_WHAT TO PRODUCE_:
From the first line of the listing to the last, set down everything exactly, but skip the images.

_SOURCE MATERIAL_:

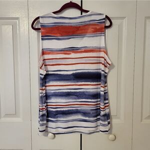 One World Live and Let Live sleeveless red, white, blue striped tee, size XL, 95% polyester 5% spandex, v-neck, 3 faux buttons down front, rhinestones at bottom of neckline, extremely soft stretch material, excellent condition.
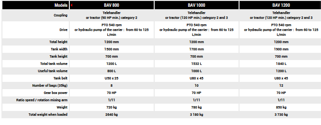 The concrete mixing bowl RABAUD is adaptable on telehandler or tractor. This machine has a strengthened tank with 4 adjustable blades.
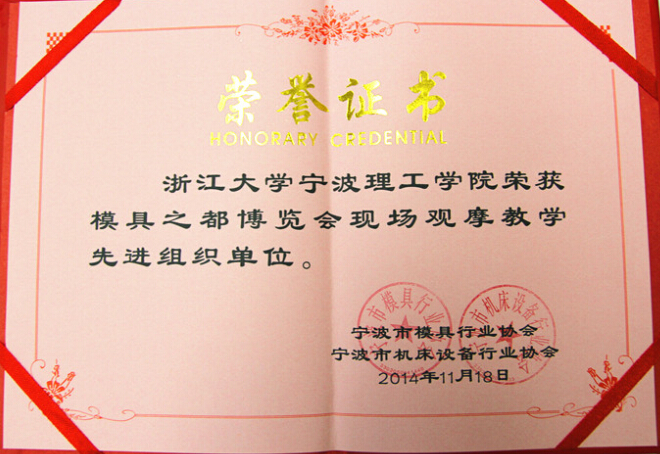 2014第十届中国模具之都博览会于今年5月21--24日在宁波国展中心举行,集聚了当今一流的机床、模具、测量仪器以及气动液压等产品及新技术、新工艺。我校机能学院分层次组织学生参加并进行了现场观摩教学,组织研究生参加了3D打印与成型技术论坛,组织2014级机制专业本科生进行了展会现场观摩教学,并在参观后完成了一份报告。近日,主办方授予了我校“先进组织单位”荣誉称号,充分肯定了我校参与现场观摩教学活动组织得当、成效突出。

_WRITTEN SOLUTION_:
 One World Live and Let Live sleeveless red, white, blue striped tee, size XL, 95% polyester 5% spandex, v-neck, 3 faux buttons down front, rhinestones at bottom of neckline, extremely soft stretch material, excellent condition.
 The concrete mixing bowl RABAUD is adaptable on telehandler or tractor. This machine has a strengthened tank with 4 adjustable blades.
 2014第十届中国模具之都博览会于今年5月21--24日在宁波国展中心举行,集聚了当今一流的机床、模具、测量仪器以及气动液压等产品及新技术、新工艺。我校机能学院分层次组织学生参加并进行了现场观摩教学,组织研究生参加了3D打印与成型技术论坛,组织2014级机制专业本科生进行了展会现场观摩教学,并在参观后完成了一份报告。近日,主办方授予了我校“先进组织单位”荣誉称号,充分肯定了我校参与现场观摩教学活动组织得当、成效突出。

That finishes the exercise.